Maria – who last month was accused of 'fat shaming' when she posted a portrait of herself in workout gear online last month along with the caption 'what's your excuse?' - said she was merely 'telling the truth'.
Chrystal Bougon, the owner of California plus-size shop Curvy Girl Lingerie, says her intention is toshow that 'women with rolls, bumps [and] lumps . . . can be stunning and beautiful' too.
But Maria didn't agree. She said: "We need to change this strange mentality we are breeding in the U.S. and start celebrating people who are a result of hard work, dedication and discipline.
"I'm not bashing those who are proud and overweight, I am empowering those who are proud and healthy to come out and be the real role models in our society."
Many of her fans backed her up.
One wrote: "You got blocked because people can't handle the truth!"
And another added: "As a former seriously obese woman I am behind you speaking the truth 100%.

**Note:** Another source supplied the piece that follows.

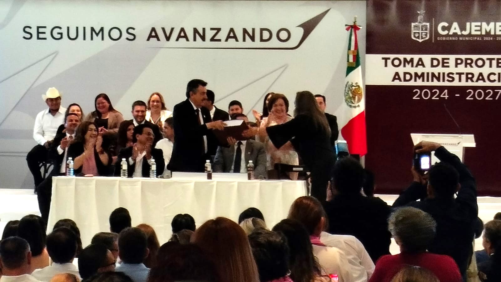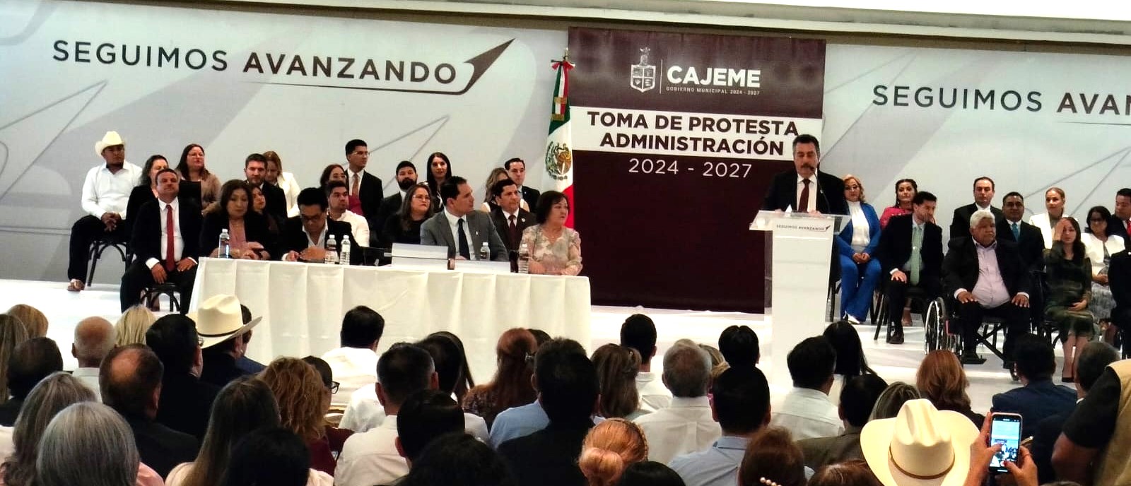 Durante la Sesión Solemne de Cabildo para la instalación y toma de protesta a las y los integrantes de la administración 2024-2027, el Alcalde manifestó que en este evento se conjugan dos acontecimientos, “la terminación de un ciclo en la administración que hoy concluye y el inicio de otro, ambos ciclos no indican el final e inicio de tiempos discontinuos, sino dos etapas de un mismo proyecto, el proyecto que el pueblo de Cajeme ha refrendado para su continuación”, enfatizó Lamarque Cano, pues no se puede defraudar la confianza de la gente.

"Loving your body is one thing, but when you are overweight you really don't love yourself. It's impossible when you are killing yourself with every bite you take."
But Curvy Girl's Chrystal responded, telling Yahoo: "Everyone is entitled to their opinion. But my page is our little space in the cyber world. If you don't like what we are doing, move on to the next page."
Facebook later admitted that the content had been 'mistakenly removed' after another user reported it.
A spokesman said: "When we realised the error we corrected it immediately, and restored full access to Ms Kang. We apologise for the inconvenience."